At a loss to do with this sync issue. Is bad enough on some channels to make me sick. Can't figure out if it is the TiVo or something Comcast has done (particularly since it doesn't appear to be affecting the SD or local channels, only the channels switched to MP4).


----------



## slowbiscuit (Sep 19, 2006)

TiVo_Ted said:


> As a matter of fact, we've got a couple of really fun things we're going to launch on both gen3 and gen4 in January which will work across Premiere, Roamio, BOLT and MINI...


I would MUCH rather you spend all of the combined company's available resources to fix the guide data issues before you tackle anything else.

Really, it's that bad. And it's not just me saying so. And please don't say that it takes years like it did for TMS, that's a load of bull.


----------



## dlfl (Jul 6, 2006)

slowbiscuit said:


> I would MUCH rather you spend all of the combined company's available resources to fix the guide data issues before you tackle anything else.
> 
> Really, it's that bad. And it's not just me saying so. And please don't say that it takes years like it did for TMS, that's a load of bull.


+1


----------



## JoeKustra (Dec 7, 2012)

TiVo_Ted said:


> As a matter of fact, we've got a couple of really fun things we're going to launch on both gen3 and gen4 in January which will work across Premiere, Roamio, BOLT and MINI...


With the Premiere not even having full HDUI, it seems any change would be awkward. Not to mention a waste of time & resources. Please fix the guide data first. Please. How about making it a community project? That would be...


----------



## DBrunetti (Dec 6, 2016)

Forced service connections to both of my Mini v2s this morning. RC18 downloaded and installed on both.


----------



## JoeKustra (Dec 7, 2012)

DBrunetti said:


> Forced service connections to both of my Mini v2s this morning. RC18 downloaded and installed on both.


Same here.


----------



## JACKASTOR (May 26, 2011)

webminster said:


> At a loss to do with this sync issue. Is bad enough on some channels to make me sick. Can't figure out if it is the TiVo or something Comcast has done (particularly since it doesn't appear to be affecting the SD or local channels, only the channels switched to MP4).
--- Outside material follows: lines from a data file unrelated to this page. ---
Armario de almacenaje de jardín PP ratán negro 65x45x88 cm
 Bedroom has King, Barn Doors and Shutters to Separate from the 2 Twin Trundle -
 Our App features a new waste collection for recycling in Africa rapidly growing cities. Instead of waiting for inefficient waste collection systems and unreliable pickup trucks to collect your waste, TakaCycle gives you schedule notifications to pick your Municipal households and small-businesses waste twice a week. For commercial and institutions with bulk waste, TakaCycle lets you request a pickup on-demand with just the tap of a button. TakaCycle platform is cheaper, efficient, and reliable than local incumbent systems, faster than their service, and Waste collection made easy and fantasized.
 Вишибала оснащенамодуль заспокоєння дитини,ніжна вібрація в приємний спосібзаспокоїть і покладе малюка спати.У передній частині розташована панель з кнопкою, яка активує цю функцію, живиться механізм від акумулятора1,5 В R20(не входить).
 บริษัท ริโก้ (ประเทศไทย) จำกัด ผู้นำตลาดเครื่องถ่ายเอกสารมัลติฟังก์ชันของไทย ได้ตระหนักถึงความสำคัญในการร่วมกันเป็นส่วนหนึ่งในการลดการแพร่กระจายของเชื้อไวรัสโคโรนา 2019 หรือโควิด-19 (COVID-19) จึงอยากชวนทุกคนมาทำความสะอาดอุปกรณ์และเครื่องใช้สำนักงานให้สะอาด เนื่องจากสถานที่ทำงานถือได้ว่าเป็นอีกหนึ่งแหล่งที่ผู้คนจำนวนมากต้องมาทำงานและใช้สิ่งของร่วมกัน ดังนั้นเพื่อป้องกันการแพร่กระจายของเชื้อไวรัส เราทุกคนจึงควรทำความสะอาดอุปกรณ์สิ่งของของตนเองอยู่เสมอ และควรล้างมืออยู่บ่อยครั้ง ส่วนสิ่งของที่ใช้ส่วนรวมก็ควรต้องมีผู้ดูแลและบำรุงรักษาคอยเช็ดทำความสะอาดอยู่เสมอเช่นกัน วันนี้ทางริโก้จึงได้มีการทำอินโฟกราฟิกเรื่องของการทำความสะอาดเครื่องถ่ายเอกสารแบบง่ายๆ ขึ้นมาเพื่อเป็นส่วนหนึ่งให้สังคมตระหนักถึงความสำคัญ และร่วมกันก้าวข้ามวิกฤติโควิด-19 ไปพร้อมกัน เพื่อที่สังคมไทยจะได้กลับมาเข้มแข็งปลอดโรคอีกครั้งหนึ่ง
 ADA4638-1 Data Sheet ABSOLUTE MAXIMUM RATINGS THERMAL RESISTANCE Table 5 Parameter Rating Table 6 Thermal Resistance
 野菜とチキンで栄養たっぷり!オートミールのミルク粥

Could it be a setting on your television? It was for me when I turned it off it solved my issue.


----------



## webminster (Dec 13, 2016)

Don't think so... I've rechecked the audio settings (LG 65EF9500) multiple times, no settings seem to have changed from before (including any settings for audio delay) - all audio delay settings are disabled. Same for the soundbar in front of it on the HDMI chain (Yamaha YSP-2500). Given that it seems channel dependent (not seeing it on locals, for instance, only on the MP4-encoded channels), and not seeing it on my WMC box that passes signal down the same path... the TiVo is the only thing I can see that would be causing the issue.


----------



## JACKASTOR (May 26, 2011)

webminster said:


> Don't think so... I've rechecked the audio settings (LG 65EF9500) multiple times, no settings seem to have changed from before (including any settings for audio delay) - all audio delay settings are disabled. Same for the soundbar in front of it on the HDMI chain (Yamaha YSP-2500). Given that it seems channel dependent (not seeing it on locals, for instance, only on the MP4-encoded channels), and not seeing it on my WMC box that passes signal down the same path... the TiVo is the only thing I can see that would be causing the issue.
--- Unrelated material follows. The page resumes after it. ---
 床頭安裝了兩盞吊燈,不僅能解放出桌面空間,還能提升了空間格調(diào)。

Unless it's a sync issue with the station from your cable provider. Which is one othe possibility. But that doesn't mean it's not a TiVo issue.


----------



## Phil_C (Oct 28, 2011)

Got RC18 last night. Sync problem still exists on mp4 channels. People around me who have Comcast boxes do not see the sync problem. So I am now also thinking that this is a TiVo problem.


----------



## Nak (Aug 18, 2010)

samccfl99 said:


> BUT I did have a *random reboot* with only one thing recording and one playing. I rarely have those. Anyone else have one?
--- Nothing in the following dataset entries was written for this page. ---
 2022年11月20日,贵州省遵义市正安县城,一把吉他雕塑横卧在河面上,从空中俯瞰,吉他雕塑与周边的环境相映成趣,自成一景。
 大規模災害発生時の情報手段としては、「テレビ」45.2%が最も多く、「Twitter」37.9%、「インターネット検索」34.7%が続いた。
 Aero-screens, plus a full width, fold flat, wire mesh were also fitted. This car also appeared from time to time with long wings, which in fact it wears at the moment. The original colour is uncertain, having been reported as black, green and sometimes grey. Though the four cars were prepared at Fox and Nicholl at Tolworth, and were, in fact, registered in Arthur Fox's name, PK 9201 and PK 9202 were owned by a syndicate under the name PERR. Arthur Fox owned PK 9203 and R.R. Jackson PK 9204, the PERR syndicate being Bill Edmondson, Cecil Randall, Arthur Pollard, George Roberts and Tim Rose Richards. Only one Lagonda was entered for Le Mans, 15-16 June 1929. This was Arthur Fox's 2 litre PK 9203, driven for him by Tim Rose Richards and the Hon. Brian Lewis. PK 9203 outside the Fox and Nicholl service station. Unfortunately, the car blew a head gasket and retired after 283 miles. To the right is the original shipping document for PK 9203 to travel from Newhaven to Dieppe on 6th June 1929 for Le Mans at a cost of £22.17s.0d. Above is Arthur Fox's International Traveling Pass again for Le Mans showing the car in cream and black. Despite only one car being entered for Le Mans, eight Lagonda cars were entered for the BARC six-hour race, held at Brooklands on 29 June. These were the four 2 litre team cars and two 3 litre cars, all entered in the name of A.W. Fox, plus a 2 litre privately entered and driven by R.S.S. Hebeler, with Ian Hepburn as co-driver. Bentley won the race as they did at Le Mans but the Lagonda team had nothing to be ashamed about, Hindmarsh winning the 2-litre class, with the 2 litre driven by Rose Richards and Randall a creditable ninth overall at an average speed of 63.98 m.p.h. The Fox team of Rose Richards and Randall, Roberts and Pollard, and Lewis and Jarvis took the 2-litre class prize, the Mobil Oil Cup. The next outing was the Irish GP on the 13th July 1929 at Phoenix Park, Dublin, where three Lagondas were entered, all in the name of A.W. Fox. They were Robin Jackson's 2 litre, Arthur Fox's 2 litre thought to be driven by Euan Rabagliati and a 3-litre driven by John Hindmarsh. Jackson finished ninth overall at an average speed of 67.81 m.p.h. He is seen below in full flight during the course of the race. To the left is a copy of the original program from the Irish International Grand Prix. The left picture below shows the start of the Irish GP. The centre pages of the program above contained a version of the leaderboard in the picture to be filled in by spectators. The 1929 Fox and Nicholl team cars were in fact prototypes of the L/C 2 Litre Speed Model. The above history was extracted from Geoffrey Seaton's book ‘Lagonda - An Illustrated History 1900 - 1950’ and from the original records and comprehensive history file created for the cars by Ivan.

 I have had 2 random reboots on 2 different Bolt+ devices since RC18 loaded. (A total of 4 random reboots...) Just watching TV, no apps.


----------



## cbrrider (Feb 2, 2005)

So far, 1 random reboot while watching SNL, when it was recording.


----------



## MScottC (Sep 11, 2004)

I too, with RC18, am getting the Synch issue on only certain channels. As someone who is tasked with fixing lip synch as part of my job, I'm really annoyed by it. This is way out, but only on certain channels, and only after the update.


----------



## Phil_C (Oct 28, 2011)

The A/V sync issue started before the recent update on my XL4. I believe I was on RC2 at that time. As someone else noted, the problem seems to be on mpeg4 channels only. The degree varies, with MSNBC being the worst by far. I mean IT IS REALLY BAD.


----------



## sharkster (Jul 3, 2004)

I think the 'losing buffer' issue seems fixed on my Bolt. I was watching something semi-live, btwn 8 and 9pm, and at 9 all the tuners were going to be recording. The only thing, and I don't think it's elemental, is that the show I was watching was on the same channel that was going to begin recording. When 9:00 came along, and I was still about 20 minutes behind, it didn't push me to 9:00. 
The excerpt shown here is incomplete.